33 Peserta Pelatihan Pupuk Organik Perdalam Praktik Lapangan di PT Menteng Kencana Mas

Pelatihan Pupuk Organik Perdalam Praktik Lapangan di PT Menteng Kencana Mas. (Foto : BBPP Binuang)

Sebanyak 33 peserta Pelatihan Pembuatan dan Aplikasi Pupuk Organik Tahun 2026 mengikuti kegiatan kunjungan lapangan ke PT Menteng Kencana Mas di Kabupaten Pulang Pisau, Provinsi Kalimantan Tengah, Rabu (12/8/2026).

PULANG PISAU, koranbanjar.com – Kegiatan tersebut merupakan bagian dari rangkaian Pelatihan Pembuatan dan Aplikasi Pupuk Organik yang dilaksanakan Kementerian Pertanian melalui Balai Besar Pelatihan Pertanian (BBPP) Binuang sebagai UPT pelatihan di bawah Badan Penyuluhan dan Pengembangan Sumber Daya Manusia Pertanian (BPPSDMP), dengan dukungan dan kerja sama Badan Pengelola Dana Perkebunan (BPDP).

Kunjungan lapangan dilaksanakan sebagai upaya memperkuat pembelajaran peserta melalui pengalaman langsung di lapangan. Setelah mendapatkan berbagai materi teknis selama pembelajaran di kelas, para peserta berkesempatan melihat secara langsung penerapan teknologi pengolahan limbah perkebunan serta aplikasi pupuk organik secara profesional.

Selama berada di PT Menteng Kencana Mas, peserta mempelajari berbagai aspek teknis pemanfaatan bahan organik dan limbah sawit sesuai standar industri.

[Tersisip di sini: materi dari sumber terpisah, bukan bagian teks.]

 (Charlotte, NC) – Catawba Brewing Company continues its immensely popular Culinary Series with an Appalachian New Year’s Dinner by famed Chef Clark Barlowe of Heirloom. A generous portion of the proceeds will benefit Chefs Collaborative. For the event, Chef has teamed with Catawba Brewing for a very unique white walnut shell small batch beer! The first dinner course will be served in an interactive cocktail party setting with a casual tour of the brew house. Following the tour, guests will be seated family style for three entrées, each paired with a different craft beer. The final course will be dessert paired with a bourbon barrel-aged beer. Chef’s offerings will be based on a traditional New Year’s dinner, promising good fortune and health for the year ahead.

Para peserta mempraktikkan secara langsung tahapan teknis yang terdiri dari identifikasi bahan pupuk organik, pembuatan decomposer, pembuatan pupuk organik padat, hingga pembuatan pupuk organik cair.

Pada kesempatan tersebut, pemaparan materi disajikan oleh Rio Dwi Pernando mewakili pimpinan PT Menteng Kencana Mas bersama tim Sulung Research Station (SRS)—divisi riset dan pengembangan agronomis PT Sawit Sumbermas Sarana Tbk (SSMS) selaku induk perusahaan. Saat pemaparan materi berlangsung, peserta diperlihatkan secara langsung spesimen vegetatif dan generatif tanaman, meliputi bunga jantan fase anthesis, bunga betina fase reseptif, Tandan Buah Segar (TBS), hingga janjang kosong sebagai bahan baku baku pupuk organik.

Selain itu, Rio memaparkan strategi praktis peningkatan produktivitas dan efisiensi kebun melalui optimalisasi pemupukan berprinsip 5 Tepat, yakni ketepatan dalam pemilihan jenis pupuk, penentuan dosis sesuai kebutuhan tanaman, pemilihan metode aplikasi yang efektif seperti tebar, benam, atau drone, penempatan pupuk di area perakaran untuk penyerapan maksimal, serta ketepatan waktu pengaplikasian sesuai fase pertumbuhan tanaman dan kondisi iklim.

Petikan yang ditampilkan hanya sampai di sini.